Deux ans après les tragiques enlèvements d’Iguala, qui ont conduit à la disparition forcée de quarente-trois étudiants de l’école normale Isidro Burgos d’Ayotzinapa pendant la nuit du 26 septembre 2014, l’établissement rural de formation des maîtres situé près de la commune de Tixla (Etat de Guerrero) continue à accueillir des nouveaux étudiants et à produire des nouveaux diplômés. « Pour nous autres, jeunes ruraux modestes du centre du pays, l’école normale d’Ayotzinapa est une opportunité », affirme un nouvel étudiant rencontré fin juillet à l’Assemblée nationale populaire pour les 43 disparus qui s’est tenue dans l’école au moment des inscriptions.
« Nous accueillons des personnes qui n’auraient pas pu, par manque de moyens, faire leurs études dans le système universitaire urbain. Ici, nous offrons l’internat, la cantine et les uniformes, sans aucune distinction de ressources. Nous créons une camaraderie, des liens forts d’entraide et de solidarité qui permettent de passer outre l’éloignement de la famille », explique José, étudiant en deuxième année à Ayotzinapa et responsable des relations publiques de la Fédération des étudiants paysans socialistes du Mexique (Federación de estudiantes campesinos socialistas de México, FECSM), qui administre les écoles normales rurales.
« Les élèves-enseignants doivent aussi savoir travailler la terre, s’occuper du bétail et semer le maïs », répond-il lorsqu’on lui demande ce qu’est pour lui la formation d’enseignant. « Cela fait partie de ce qu'on apprend ici ».
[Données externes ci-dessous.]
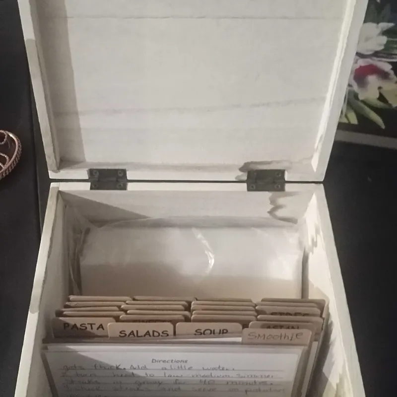 I'm selling a recipe box where u can put and write all your recipes in CASH ONLY PLEASE never been used except only 3 papers out of it for 3 recipes but that was it

Une tailleuse de pierre de Tixla confirme que « ce ne sont pas des étudiants comme les autres ». « Ils sèment le maïs, ils cultivent des légumes pour les vendre », précise-t-elle. Une polyvalence forcée, selon elle, par la situation financière de l’école : « Ils [les élèves-enseignants d’Ayotzinapa] ont beaucoup perdu ces dernières années. Ils ont été privés de moyens budgétaires. Ils n’ont plus d’eau pour irriguer leurs cultures depuis au moins cinq ans ». Une manifestation contre ces coupes budgétaires suivie d'un blocage routier a fait deux morts côté étudiants en décembre 2011[1].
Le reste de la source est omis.